Dataset entries:
______

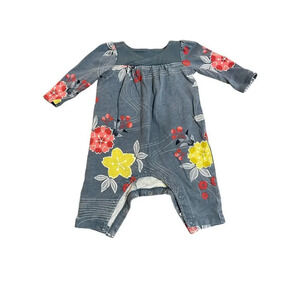 Tea Baby Onesie SZ 0-3 M Floral Long Sleeve Gray Blue Snap Button V-Neck
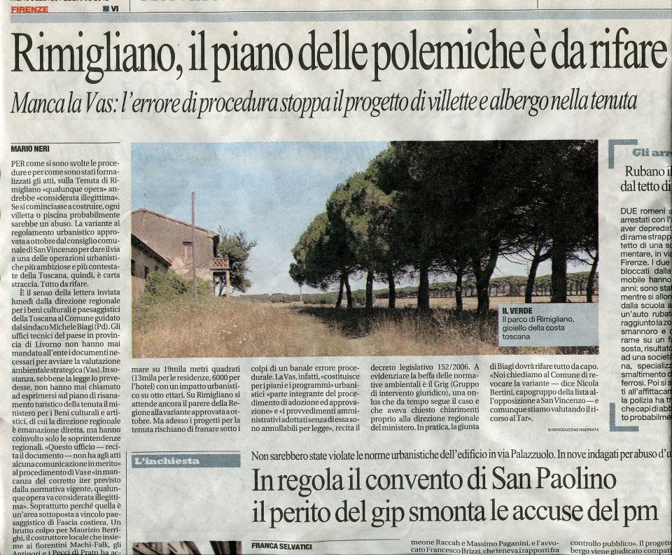 Noi crediamo che questo tempo sia stato guadagnato, e che se oggi si insedia una commissione di persone tenute a riflettere sull’incompatibilità del piano con le norme ed i principi del PIT, se la direzione regionale del ministero per i beni e le attività culturali dichiara che qualsiasi opera sarà ritenuta illegittima, questo tempo “perso”, che ci consegna una realtà ancora intatta, sia un’enorme e definitiva occasione per tutti per guardare alla tenuta di Rimigliano come a un bene comune da ripensare fuori dalla stolta logica del ritorno immediato di pochi.
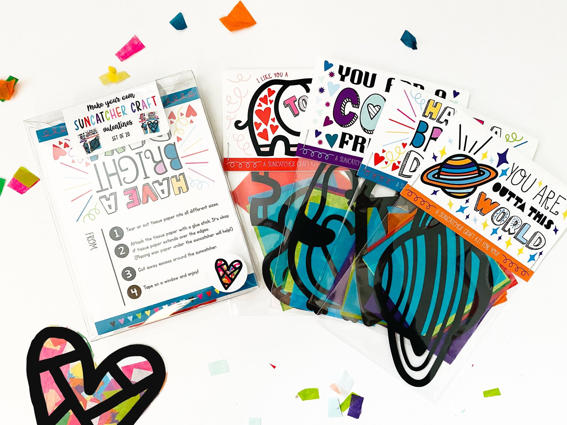 A unique Valentine's Card that is a craft kit and valentine in one! This set of Valentine's comes with suncatcher cut-outs, tissue paper, and bags to create mini suncatcher kits. 4 designs in total are included (hearts, planets, elephants, and penguins.) Choose from assembled or unassembled in the drop-down. There is a place to write "from", or leave that area blank. A crafty addition to classroom exchanges.
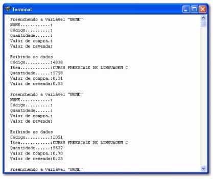 As estruturas são utilizadas para agrupar informações relacionadas de tipos de dados diferentes. Digamos que você precisa controlar os seguintes dados relacionados ao estoque de um pequeno estabelecimento comercial:
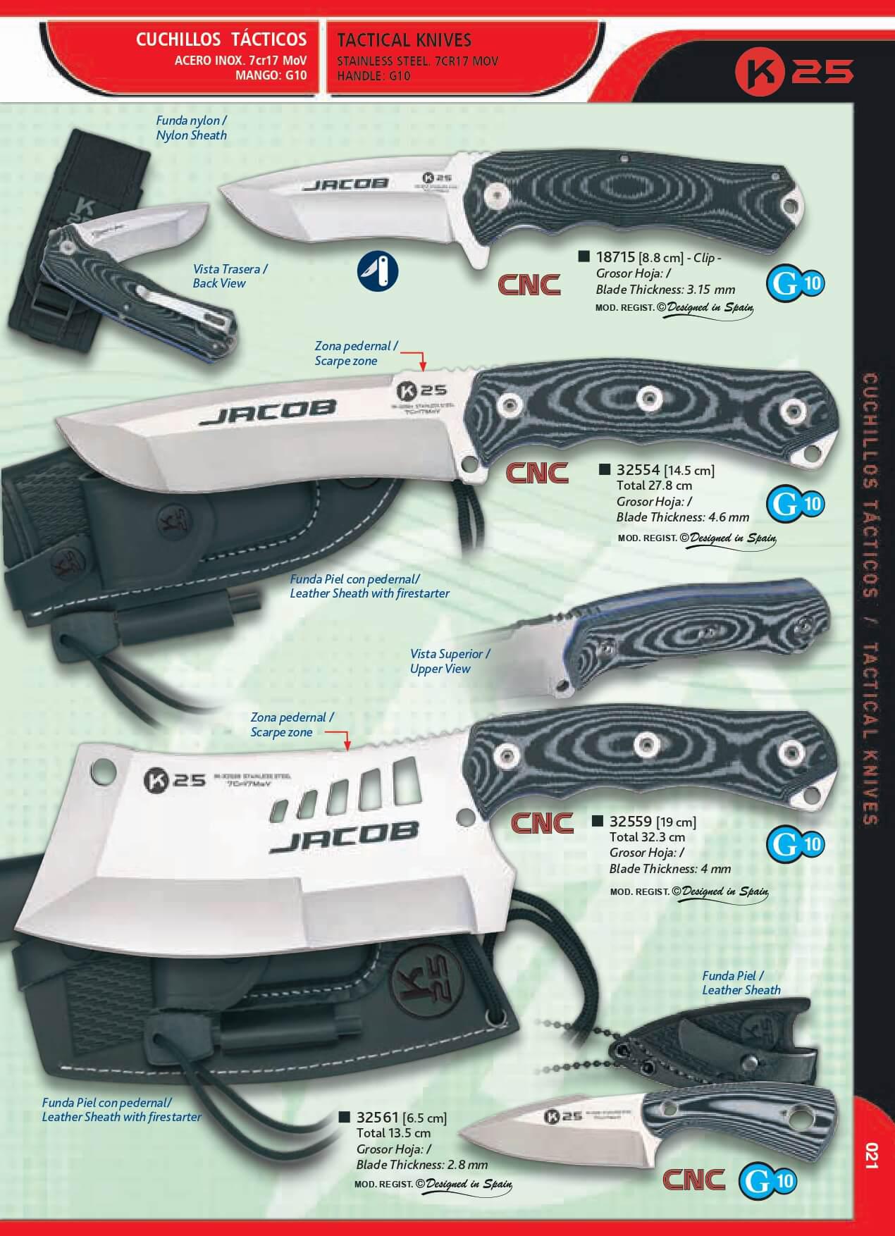 32559: Faca JACOB K25, com lâmina de 19,00 cm e cabo G10
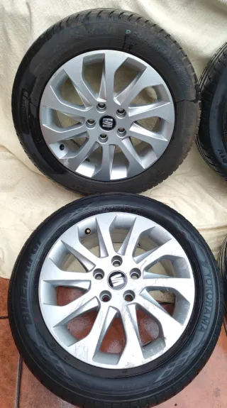 Juego de cuatro llantas de 16 pulgadas con neumáticos. - 205/55 R16 91V - 2 x Kormoran Road Performance -- 90 % vida, finales 2024 - 2 x Yokohama Blue Earth -- 50 % vida, finales 2022 - Algunos arañazos del uso. - Una de las llantas sí tiene más señales pero sin pellizcos en el aluminio. - Tampoco tienen llantazos. - Válido para Seat, Audi, VW, León,...

______

◆ What you should do
Retype only the lines from the line with "As estruturas são" through the last line of the data. Keep both ends and skip the pictures.

◆ Task output
 As estruturas são utilizadas para agrupar informações relacionadas de tipos de dados diferentes. Digamos que você precisa controlar os seguintes dados relacionados ao estoque de um pequeno estabelecimento comercial:
 32559: Faca JACOB K25, com lâmina de 19,00 cm e cabo G10
 Juego de cuatro llantas de 16 pulgadas con neumáticos. - 205/55 R16 91V - 2 x Kormoran Road Performance -- 90 % vida, finales 2024 - 2 x Yokohama Blue Earth -- 50 % vida, finales 2022 - Algunos arañazos del uso. - Una de las llantas sí tiene más señales pero sin pellizcos en el aluminio. - Tampoco tienen llantazos. - Válido para Seat, Audi, VW, León,...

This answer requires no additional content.